Figura 11 – Caverna em Maluquinho 2

Fig. 11 - A caverna em Maluquinho 2, um não-espaço fílmico.

Quanto às representações de regionalismos, cabe notar que a caracterização mineira no segundo filme é mais farsesca, principalmente devido à composição de alguns de seus personagens, como comentado no capítulo anterior. Dessa maneira, o sotaque mineiro (que praticamente não se ouviu no primeiro filme apesar do tom mais realista da história) é um tanto forçado na continuação. Transformar algumas características regionais em caricatura cômica facilita a sua apreensão por aqueles que não estão habituados a elas, uma vez que o registro em tom de fábula afasta desses aspectos uma estranheza que existiria num registro mais naturalista. A fábula afasta esses elementos, portanto, do mundo histórico, do real, tornando-os mais deglutíveis.

Também como um elemento nacional, o catolicismo está presente no filme. De forma farsesca, as beatas representam um tipo de fiéis rançosos, ávidos pelo destaque social por meio do trabalho espiritual. Retratados de forma mais positiva, Iaiá e Tonico pedem a

religiosidade é um dos poucos elementos nacionais que destoa um pouco da assepsia típica da memória internacional-popular.

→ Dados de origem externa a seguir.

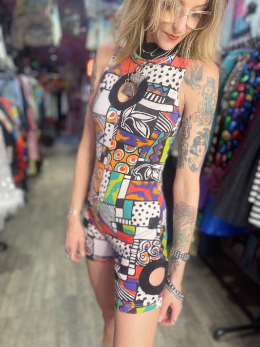 Vintage 90’s Color Block Cut Out Bike Short Romper
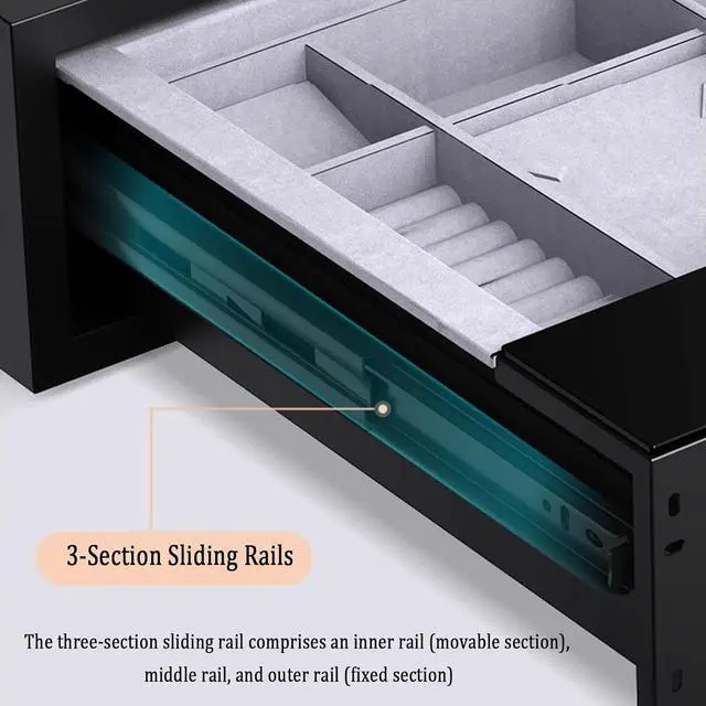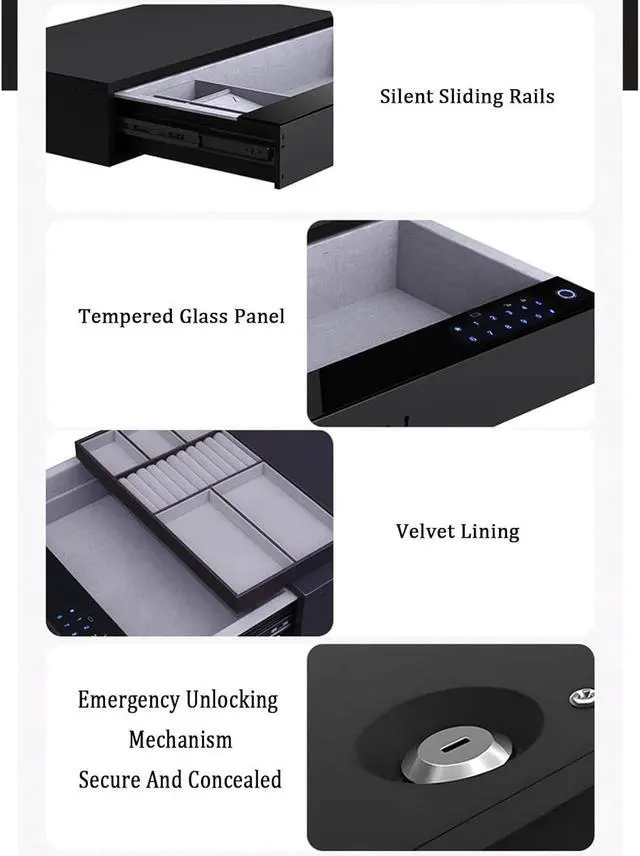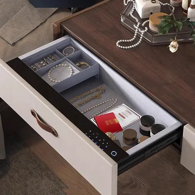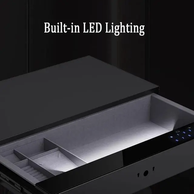 Smart Drawer System: This home safe includes removable jewelry trays to organize necklaces, bracelets, and other small items.With a simple press of the button on the desired drawer level, it opens instantly for easy retrieval

O folclore é um desses elementos que foram reapropriados. Ele aparece de forma central, mas não se origina da tradição brasileira. Diegeticamente, Tatá Mirim, um dos personagens principais, é criado por Maluquinho: trata-se de folclore inventado por uma criança. A criatura vem do centro da Terra e é feita de fogo, em possível referência ao Boitatá (este sim um ente do folclore nacional). É uma forma relativamente simples de se criar com efeitos especiais. A mineirice do ser imaginário consiste em querer vagar pela superfície da terra para comer pão de queijo. Dessa maneira, as características regionais da entidade viram ornamentos. E como fogo, Tatá adquire formas bastante diferentes. Sua inspiração no ET de Spielberg é bastante clara, e a cena em que se despede de Maluquinho é evidente nesse ponto (fig. 12). Mais uma citação ao cinema hegemônico.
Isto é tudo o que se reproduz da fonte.